■ DATA EXCERPT ■
»»
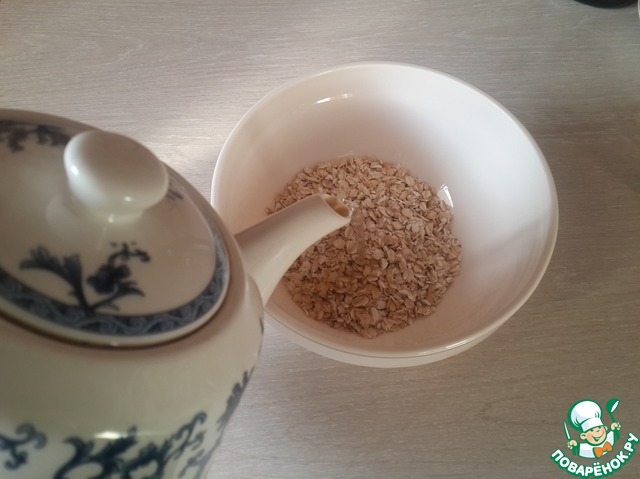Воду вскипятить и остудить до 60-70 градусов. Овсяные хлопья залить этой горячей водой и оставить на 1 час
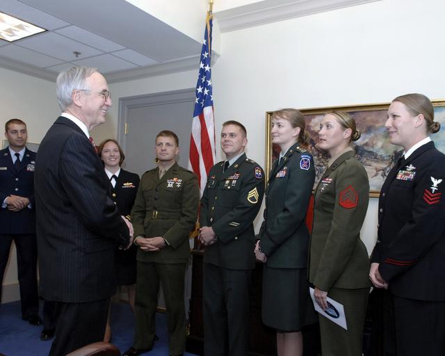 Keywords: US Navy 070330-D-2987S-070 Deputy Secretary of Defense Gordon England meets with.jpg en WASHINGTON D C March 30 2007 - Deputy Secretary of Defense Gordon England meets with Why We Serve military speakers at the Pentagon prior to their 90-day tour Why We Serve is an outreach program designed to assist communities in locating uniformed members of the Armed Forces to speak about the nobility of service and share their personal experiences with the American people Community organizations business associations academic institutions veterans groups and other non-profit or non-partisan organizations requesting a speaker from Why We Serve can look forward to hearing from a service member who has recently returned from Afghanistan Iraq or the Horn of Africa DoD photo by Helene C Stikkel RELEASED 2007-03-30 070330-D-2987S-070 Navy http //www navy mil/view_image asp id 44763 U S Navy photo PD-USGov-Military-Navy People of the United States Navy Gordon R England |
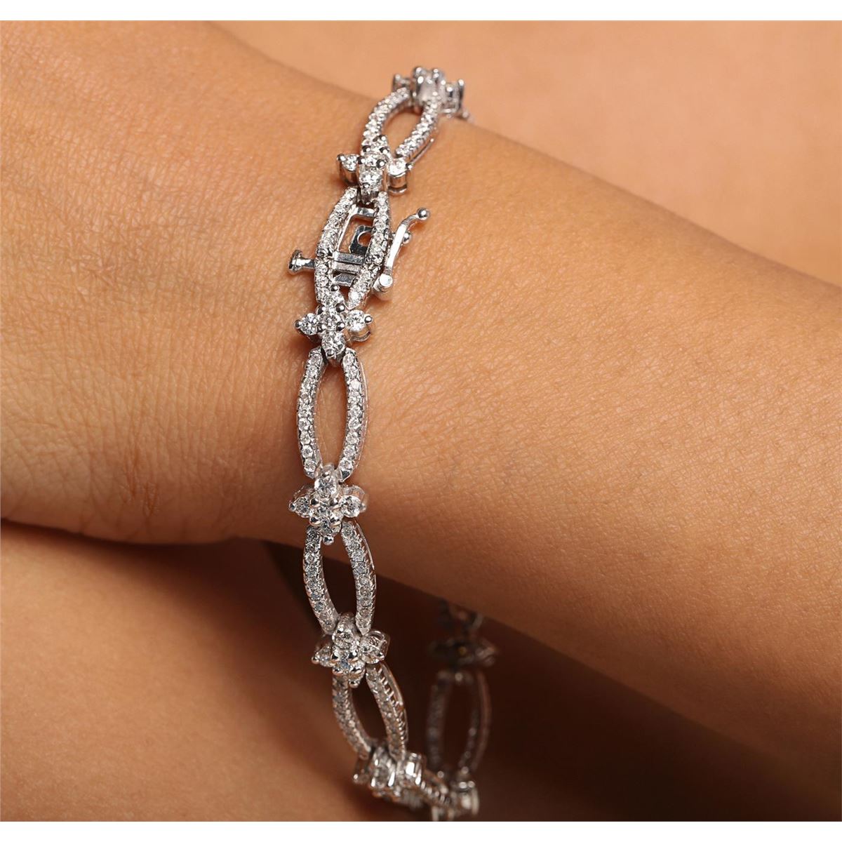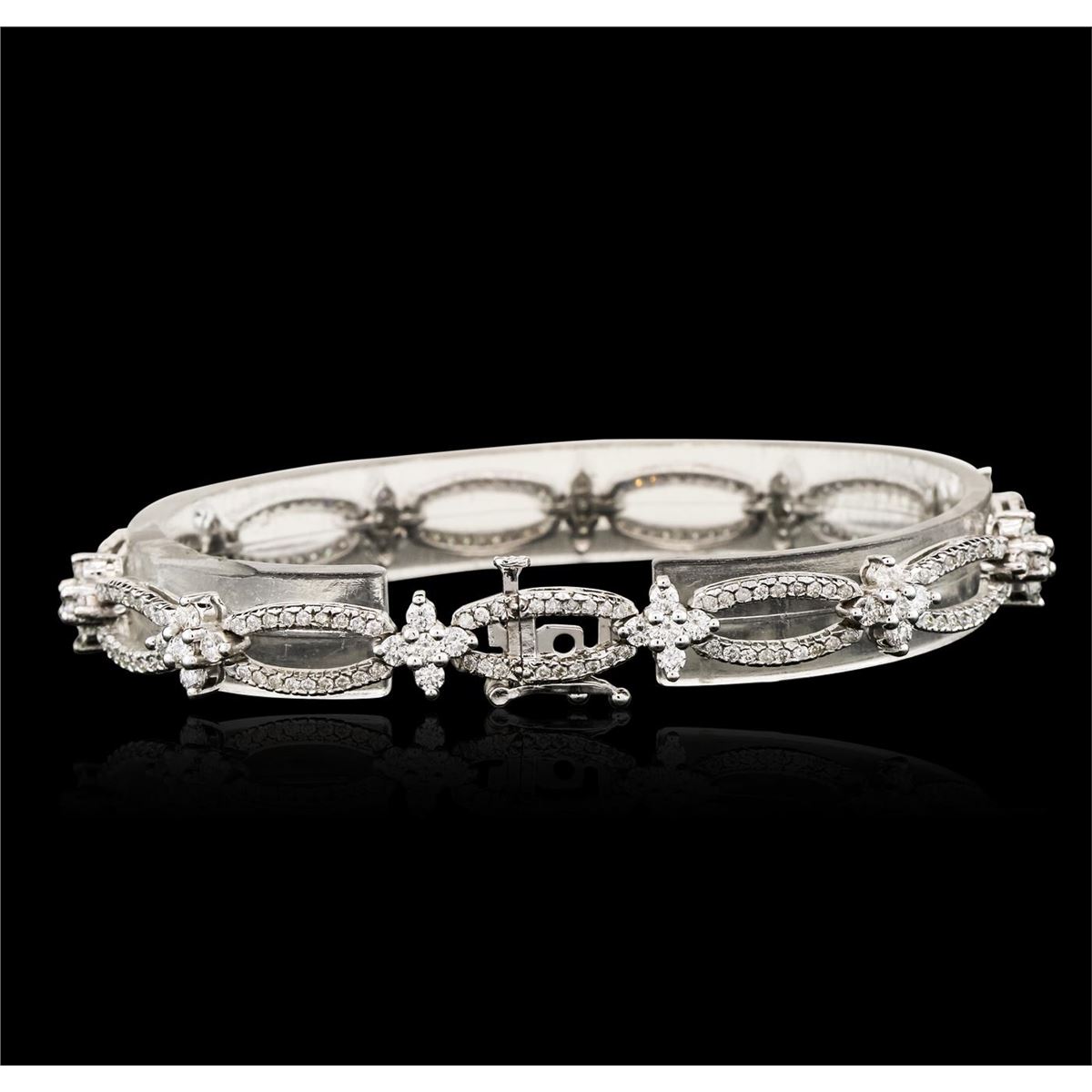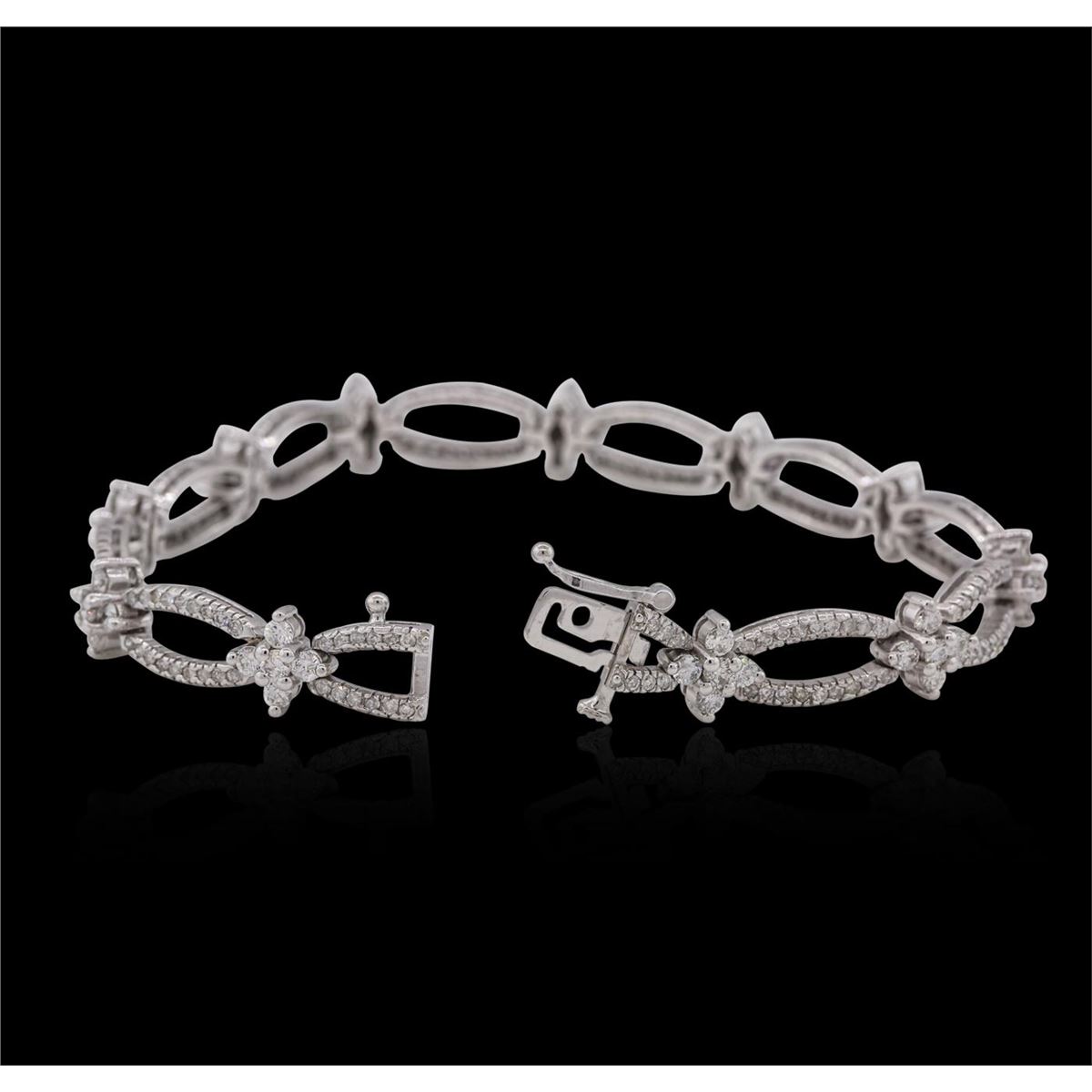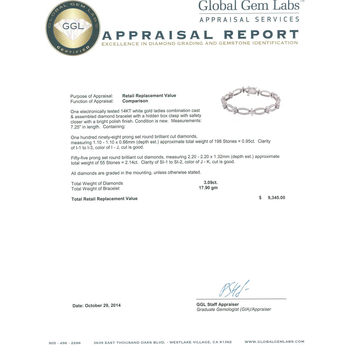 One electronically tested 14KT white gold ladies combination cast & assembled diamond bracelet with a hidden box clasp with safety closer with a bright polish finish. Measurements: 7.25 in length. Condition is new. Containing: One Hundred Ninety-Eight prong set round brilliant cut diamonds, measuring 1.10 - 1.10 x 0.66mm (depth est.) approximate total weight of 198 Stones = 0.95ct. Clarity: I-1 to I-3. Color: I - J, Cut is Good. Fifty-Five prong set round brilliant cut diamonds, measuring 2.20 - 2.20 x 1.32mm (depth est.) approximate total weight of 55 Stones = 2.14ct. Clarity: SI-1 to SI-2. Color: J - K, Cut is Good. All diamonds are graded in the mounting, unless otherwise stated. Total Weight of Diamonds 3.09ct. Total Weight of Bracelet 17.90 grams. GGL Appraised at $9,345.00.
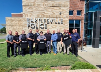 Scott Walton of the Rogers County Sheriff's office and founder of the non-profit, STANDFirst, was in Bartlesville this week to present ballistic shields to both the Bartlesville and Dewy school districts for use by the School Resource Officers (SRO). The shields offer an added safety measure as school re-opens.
««
■ INSTRUCTIONS TO FOLLOW ■
Apart from the images, every line above needs to be printed again exactly.

■ RESPONSE ■
Воду вскипятить и остудить до 60-70 градусов. Овсяные хлопья залить этой горячей водой и оставить на 1 час
 Keywords: US Navy 070330-D-2987S-070 Deputy Secretary of Defense Gordon England meets with.jpg en WASHINGTON D C March 30 2007 - Deputy Secretary of Defense Gordon England meets with Why We Serve military speakers at the Pentagon prior to their 90-day tour Why We Serve is an outreach program designed to assist communities in locating uniformed members of the Armed Forces to speak about the nobility of service and share their personal experiences with the American people Community organizations business associations academic institutions veterans groups and other non-profit or non-partisan organizations requesting a speaker from Why We Serve can look forward to hearing from a service member who has recently returned from Afghanistan Iraq or the Horn of Africa DoD photo by Helene C Stikkel RELEASED 2007-03-30 070330-D-2987S-070 Navy http //www navy mil/view_image asp id 44763 U S Navy photo PD-USGov-Military-Navy People of the United States Navy Gordon R England |
 One electronically tested 14KT white gold ladies combination cast & assembled diamond bracelet with a hidden box clasp with safety closer with a bright polish finish. Measurements: 7.25 in length. Condition is new. Containing: One Hundred Ninety-Eight prong set round brilliant cut diamonds, measuring 1.10 - 1.10 x 0.66mm (depth est.) approximate total weight of 198 Stones = 0.95ct. Clarity: I-1 to I-3. Color: I - J, Cut is Good. Fifty-Five prong set round brilliant cut diamonds, measuring 2.20 - 2.20 x 1.32mm (depth est.) approximate total weight of 55 Stones = 2.14ct. Clarity: SI-1 to SI-2. Color: J - K, Cut is Good. All diamonds are graded in the mounting, unless otherwise stated. Total Weight of Diamonds 3.09ct. Total Weight of Bracelet 17.90 grams. GGL Appraised at $9,345.00.
 Scott Walton of the Rogers County Sheriff's office and founder of the non-profit, STANDFirst, was in Bartlesville this week to present ballistic shields to both the Bartlesville and Dewy school districts for use by the School Resource Officers (SRO). The shields offer an added safety measure as school re-opens.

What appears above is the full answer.